The two-story building which had housed the North Bend Library since 1913 was slowly emptied over the following week, with dozens of volunteers hauling books, newspapers, microfiche and furniture five blocks north to a brand new building.
The move went smoother than expected, but the process of opening a new library in North Bend began long ago. The first fundraiser was a bake sale held during Old Settlers 2007. That effort raised just more than $1,200. Over the next five years, the Library Foundation raised $1.3 million through fundraisers, grants and donations. Throw in in-kind donations, and the figure grows to $1.5 million.
“When donors realized the need for a new library and community room, they were overwhelmingly supportive,” Library Foundation treasurer Deanna Wolf said. “The North Bend Library Foundation and library committees spent a huge amount of time conducting a capital campaign, writing grants, and working on this project.”

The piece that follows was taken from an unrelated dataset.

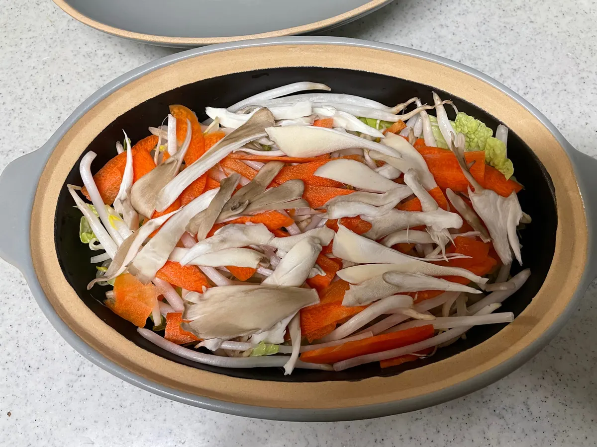 耐熱皿にお野菜をしいて(今回は白菜、にんじん、舞茸、もやしを入れました)

While the old library averaged 150 to 175 visitors per week, the new library welcomed about 110 visitors on its first day, Monday, April 30. On day two, the head count was in the 70s. The largest crowds show up shortly after school lets out.

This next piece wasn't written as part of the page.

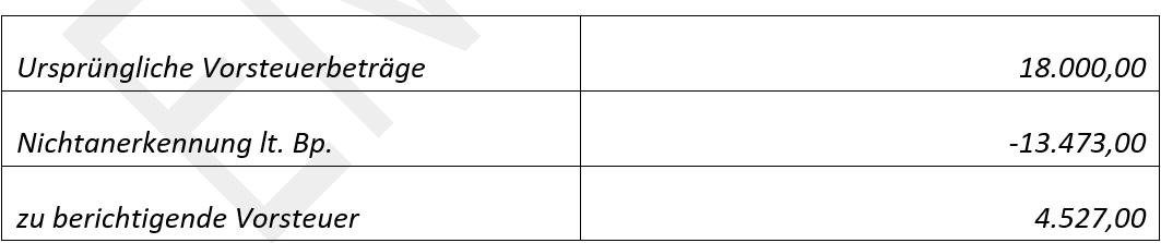 Auf Grund der Feststellung in Tz. 1 der ggstl. NS (Nichtanerkennung von Vorsteuern in Höhe von € 13.473,-) ändert sich die zu berichtigende Vorsteuer gem. § 12 (10) UStG wie folgt:

“Oh, my gosh,” head librarian Amy Williams said. “We get slammed daily from about 3:30 to 5:30 with the after-school crowd, which is wonderful. It’s fabulous, but it’s taking some getting used to. One librarian could man the ship at (the old library), but over here it’s taking three. It’s great to see, but it’s a bit overwhelming.”
Of course, much of the traffic can be attributed to curiosity and the novelty of a new, beautiful building in town. But Williams said even after the initial rush subsides, she expects library usage to be up compared to the old building. She points to the new location being closer to the schools and more easily accessible to the elderly and handicapped. Plus, it’s a more comfortable place to relax and read a book or magazine.
“It’s an inviting space just to come and hang out,” Williams said. “The (new) building lends itself much more to being a public meeting space. The old building always felt crowded. If you were having a conversation on one side of building, you would disturb people on other side.”
The new building certainly has plenty of space for relaxing. The main collection room has a broad open space between rows of shelves. Part of that space was filled with tables and chairs that arrived Thursday. Still coming are couches and more stuffed chairs that will allow patrons to snuggle up with a book near the fireplace.
While the librarians hope for a relaxing experience for their patrons, they themselves aren’t quite to the point of relaxation yet. With the new building comes new technology for the staff to figure out.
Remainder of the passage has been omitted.